Esas ideas ofrecieron a los funcionarios de campaña una teoría de los flujos de información, pero no proporcionaron una guía sobre cómo asignar los recursos de la campaña para ganar el Colegio Electoral. Suponiendo que Obama tenía datos y análisis a nivel del suelo superiores, la campaña de Romney trató de aprovechar la estrategia de sus rivales para dar forma a la suya propia; si los demócratas pensaban que un estado o un mercado de medios era competitivo, tal vez eso fuera evidencia de que los republicanos también deberían pensar lo mismo. Éramos necesariamente reactivos, porque estábamos armando el avión cuando despegaba, dice Lundry. Tenían una ventaja enorme sobre nosotros.
El departamento político de Romney comenzó a realizar reuniones periódicas para analizar en qué parte del país la campaña de Obama estaba concentrando recursos como dólares publicitarios y el tiempo del presidente. El objetivo era tratar de adivinar los cálculos detrás de esas decisiones. En esencia, fue la forma en que Bing de Microsoft se acercó a Google: tratar de realizar ingeniería inversa en el código del líder del mercado mediante el estudio de la salida visible. Observamos a dónde va el presidente, dijo Dan Centinello, el subdirector político de Romney que supervisó las reuniones, durante el verano.

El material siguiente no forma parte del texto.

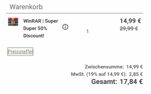 WinRAR ist normalerweise 33.- Fr, nach Anwendung eines willkürlichen Rabattes ist es bei 26.- Fr. Da ist der hier genannte Discount mit rd 15.- durchaus toll.
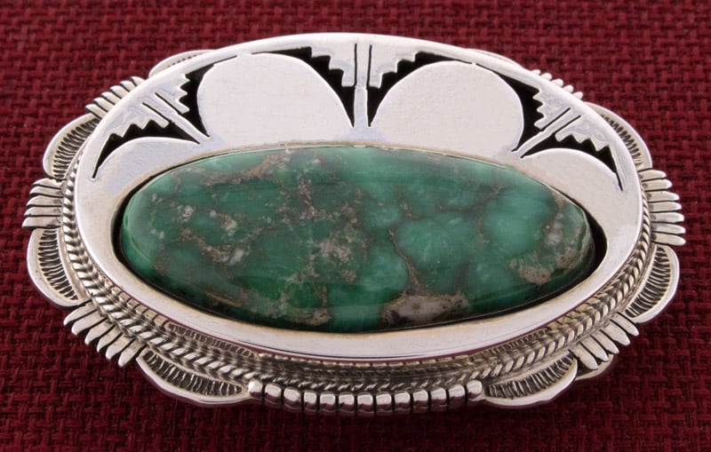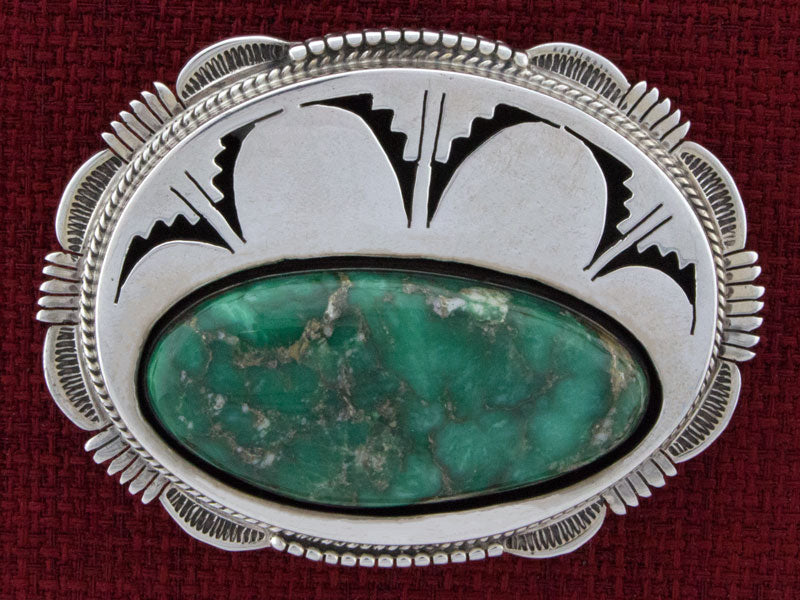Sterling Silver Shadowbox Belt Buckle Set With An Impressive Natural Variscite Stone.  Masterfully Handmade And Designed By Navajo Artist BENNIE RATION.

La estrategia de compra de medios de Obama resultó particularmente difícil de descifrar. A principios de septiembre, como parte de su revisión estándar, Lundry notó que la semana después de la convención demócrata, Obama había transmitido 68 anuncios en Dothan, Alabama, una ciudad cerca de la frontera con Florida. Dothan era uno de los mercados de medios más pequeños del país y Alabama uno de los estados republicanos más seguros. A pesar de que el área era conocida por los compradores de publicidad como uno de los lugares donde el mercado de los medios cruza las fronteras estatales, las estaciones de televisión de Dothan solo llegaron a unos 9,000 votantes de Florida, y alrededor de 7,000 de ellos habían votado por John McCain en 2008. Este es un problema difícil. es el principal mercado de los medios republicanos, dice Lundry. Es increíblemente pequeño. Pero estaban publicitando allí.
Los asesores de Romney podrían haberse formado una teoría sobre el entorno mediático más amplio, pero lo que sea que esté enviando a Obama a buscar una pequeña bolsa de votos está más allá de su medida. Podríamos decir, dice McGoldrick, que había algo en los algoritmos que les decía qué ejecutar.